The answer must be an exact copy of the lines from the one with "Silver Metal Box" through the final line of the records below, with no pictures.

[GIVEN DATA]
::::::

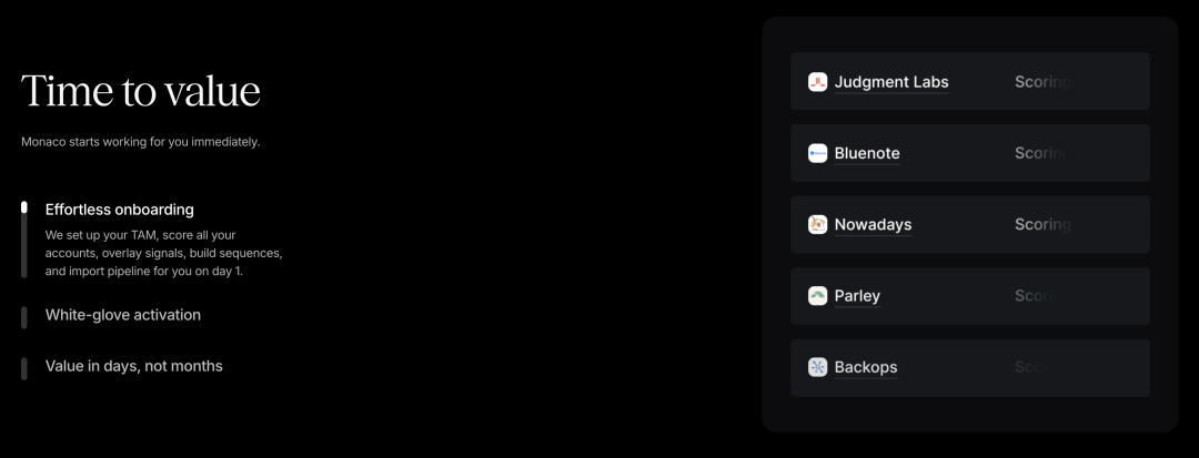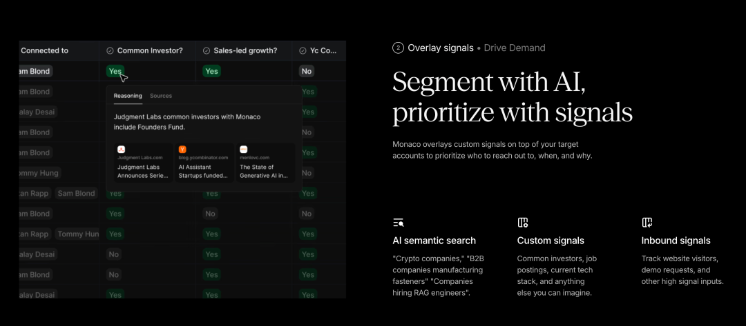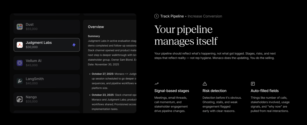让我详细解释一下这意味着什么。传统的 CRM 系统要求销售人员手动输入每一个潜在客户的信息、记录每一次互动、更新每一个机会的状态。这不仅耗时,而且容易出错或遗漏。Monaco 则通过 AI agent 自动完成这些工作。它会自动构建并评分你的整个目标市场,创建一个按优先级排序的目标客户列表。它会识别推荐的买家,整合各种信号,比如现有的人脉关系、工作变动、自定义的网络信号等。它会生成定制化的外联活动,这些活动基于嵌入式的市场推广最佳实践。它还会通过会议记录器自动记录销售电话笔记,生成邮件草稿和系统记录更新,比如创建和跟踪机会、更新表单字段,并就如何达成更多交易提供建议,同时保持对每家公司销售流程的完全可定制性。
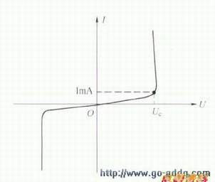 下图给出了器的伏安特性曲线,可以看出,它是一条对称的非线性曲线当外加电压较低时,流过的很小,器呈高阻状态;当外加电压达到或超过压敏电压Uc时,压敏器的阻值急剧下降并迅速导通,其工作电流会增加几个数量级,从而有效地保护了中的其他元件不会肉过压而损坏。
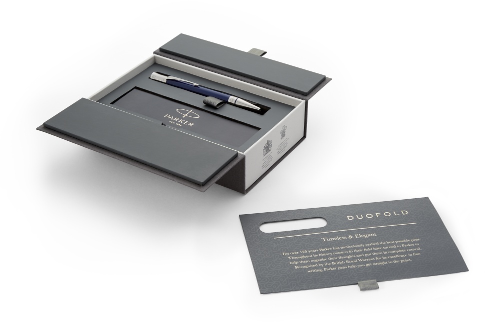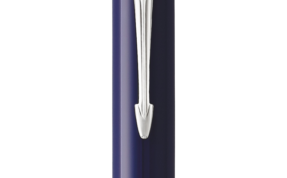 Шариковая ручка Duofold K74 с поворотным механизмом. Клип выполнен в виде стрелы, сделан из бериллиевой меди покрытой никеле-полладием. Эмблема на торце ручки из латуни с гравировкой со знаком туза. На корпусе из акриловой смолы синего цвета гравировка с исторической лентой Parker. Кольцо корпуса и зона захвата из латуни с никеле-полладиевым покрытием. Фирменная упаковка Parker, на боковой стороне коробки нарисованы гербы - подтверждение гарантии Британского Королевского двора. Сделано во Франции.
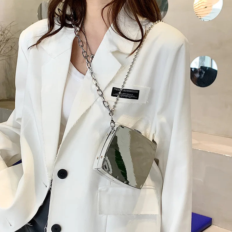 Silver Metal Box Bag Party Clutch Evening Bag Chain Crossbody Mini Bag
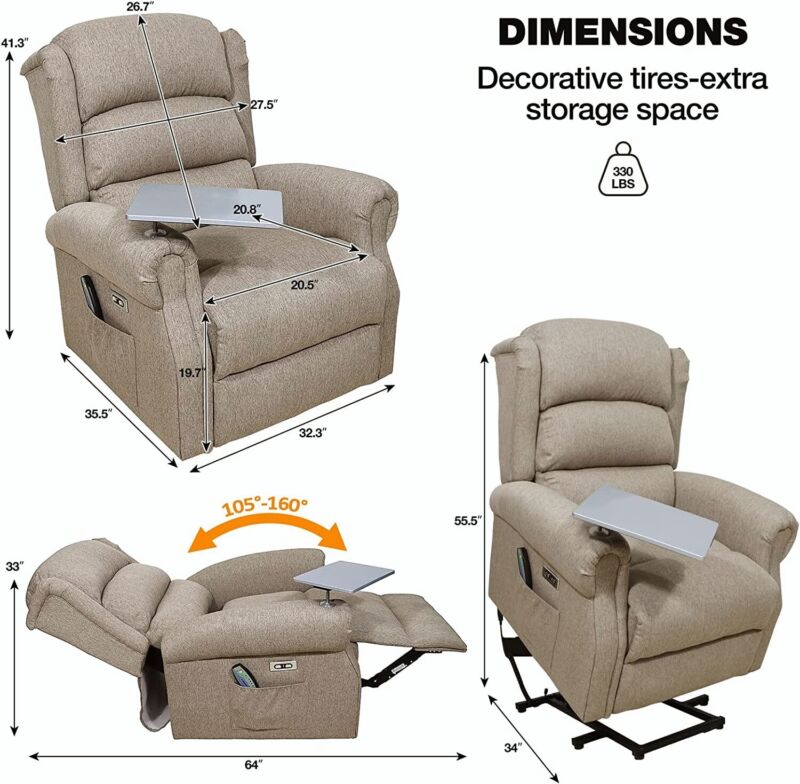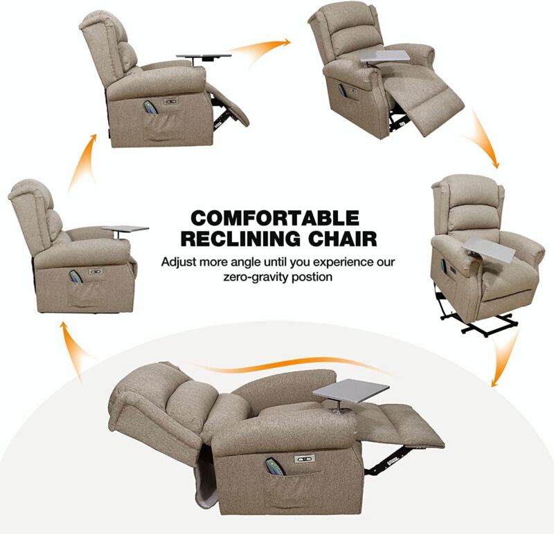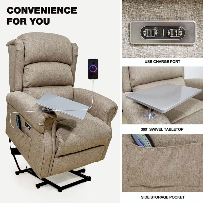 Dual Motor Riser Recliner Lift Massage Chair w/Table and Lumbar Support
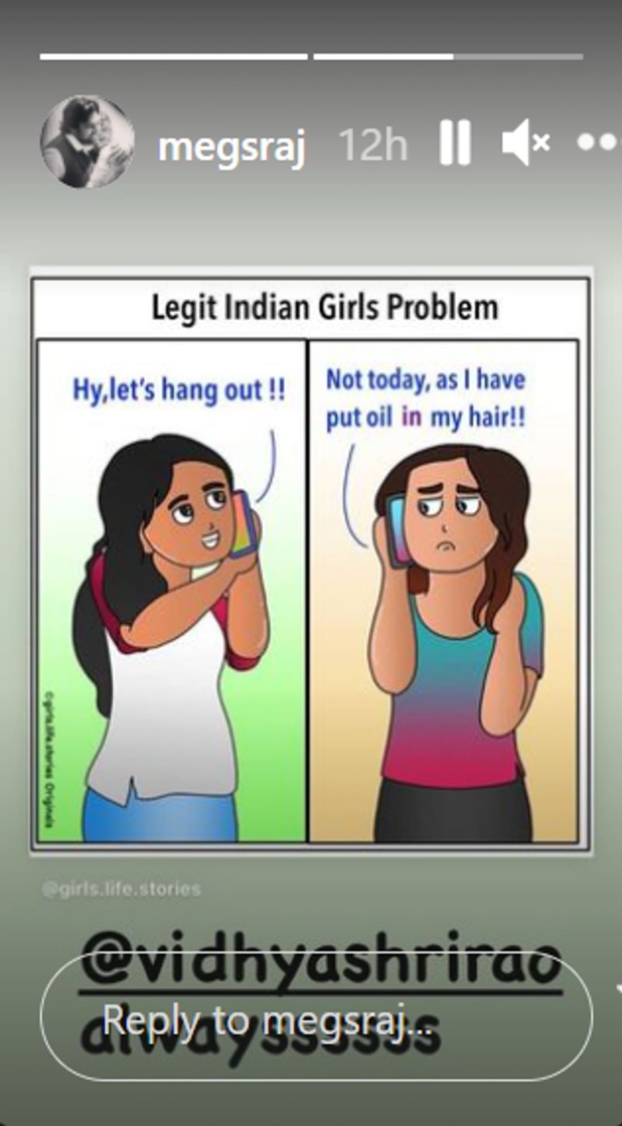 ಭಾರತೀಯ ಹುಡುಗಿ ತನ್ನ ಸ್ನೇಹಿತೆಯರೊಂದಿಗೆ ಯಾವುದಾದರೂ ಪ್ಲಾನ್ ಮಾಡೋ ಮೊದಲು ಎದುರಿಸುತ್ತಿರುವ ಸಮಸ್ಯೆಗಳ ಬಗ್ಗೆ ಹಾಸ್ಯಕರವಾದ ಸಂಗತಿಯನ್ನು ಹಂಚಿಕೊಂಡಿದ್ದಾರೆ ಮೇಘನಾ ರಾಜ್.

::::::

[REPLY TO THE EXERCISE]
 Silver Metal Box Bag Party Clutch Evening Bag Chain Crossbody Mini Bag
 Dual Motor Riser Recliner Lift Massage Chair w/Table and Lumbar Support
 ಭಾರತೀಯ ಹುಡುಗಿ ತನ್ನ ಸ್ನೇಹಿತೆಯರೊಂದಿಗೆ ಯಾವುದಾದರೂ ಪ್ಲಾನ್ ಮಾಡೋ ಮೊದಲು ಎದುರಿಸುತ್ತಿರುವ ಸಮಸ್ಯೆಗಳ ಬಗ್ಗೆ ಹಾಸ್ಯಕರವಾದ ಸಂಗತಿಯನ್ನು ಹಂಚಿಕೊಂಡಿದ್ದಾರೆ ಮೇಘನಾ ರಾಜ್.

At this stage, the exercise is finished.